_Task prompt:_ Skip any image you find and restate the rest of the data word for word.

_Dataset content:_
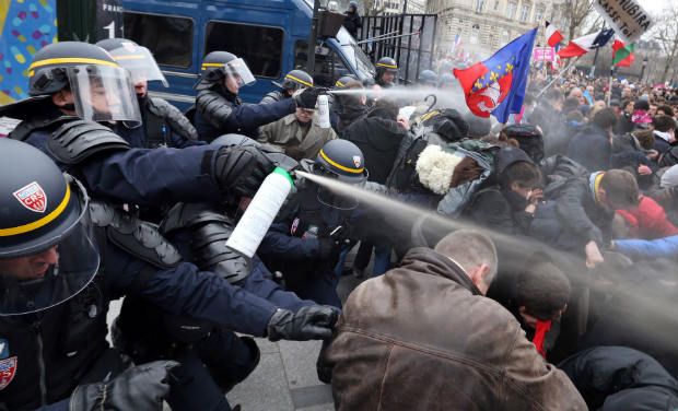 The Paris police had turned down a request from the protest organisers to march on the Champs-Elysees on the grounds it would be a threat to public order, partly because it borders the French presidential palace.
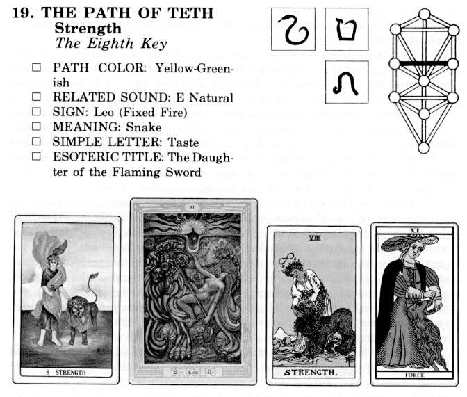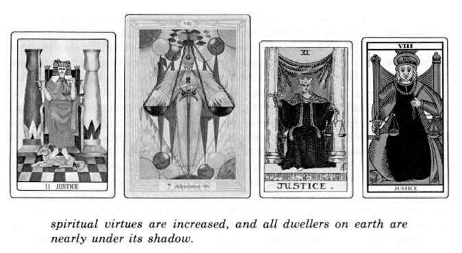 The Eight Arcanum shows a maiden holding an uplifted sword, symbol of Truth. In the other hand she holds a pair of scales. One of the most dramatic episodes recounted in the Egyptian Book of the Dead is that of the weighing of the heart when the soul comes to Judgment soon after death. The weighing of the heart determines his place, whether it is to be in the upper or lower abodes, with gods or demons.
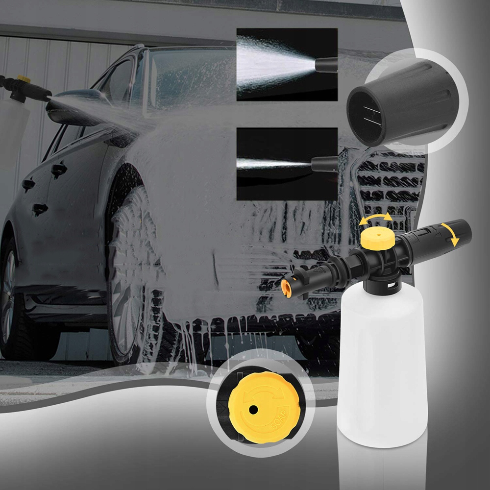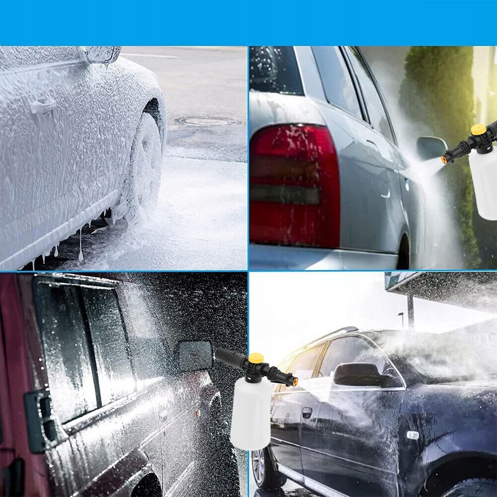 【【Легко встановити та підтримувати】: пістолет з пінопласту може бути підключений безпосередньо до шайби серії Karcher високого тиску (K2 - K7). Увімкніть верхню ручку відповідно до руху за годинниковою стрілкою, щоб увімкнути/вимкнути, щоб отримати найгустішу суміш, відрегулюйте насадку, щоб отримати потрібний візерунок розпилення та звільнити. Регульований пістолет для розпилення для виробництва снігової піни дозволяє точно змішати та пінити

_Response:_
 The Paris police had turned down a request from the protest organisers to march on the Champs-Elysees on the grounds it would be a threat to public order, partly because it borders the French presidential palace.
 The Eight Arcanum shows a maiden holding an uplifted sword, symbol of Truth. In the other hand she holds a pair of scales. One of the most dramatic episodes recounted in the Egyptian Book of the Dead is that of the weighing of the heart when the soul comes to Judgment soon after death. The weighing of the heart determines his place, whether it is to be in the upper or lower abodes, with gods or demons.
 【【Легко встановити та підтримувати】: пістолет з пінопласту може бути підключений безпосередньо до шайби серії Karcher високого тиску (K2 - K7). Увімкніть верхню ручку відповідно до руху за годинниковою стрілкою, щоб увімкнути/вимкнути, щоб отримати найгустішу суміш, відрегулюйте насадку, щоб отримати потрібний візерунок розпилення та звільнити. Регульований пістолет для розпилення для виробництва снігової піни дозволяє точно змішати та пінити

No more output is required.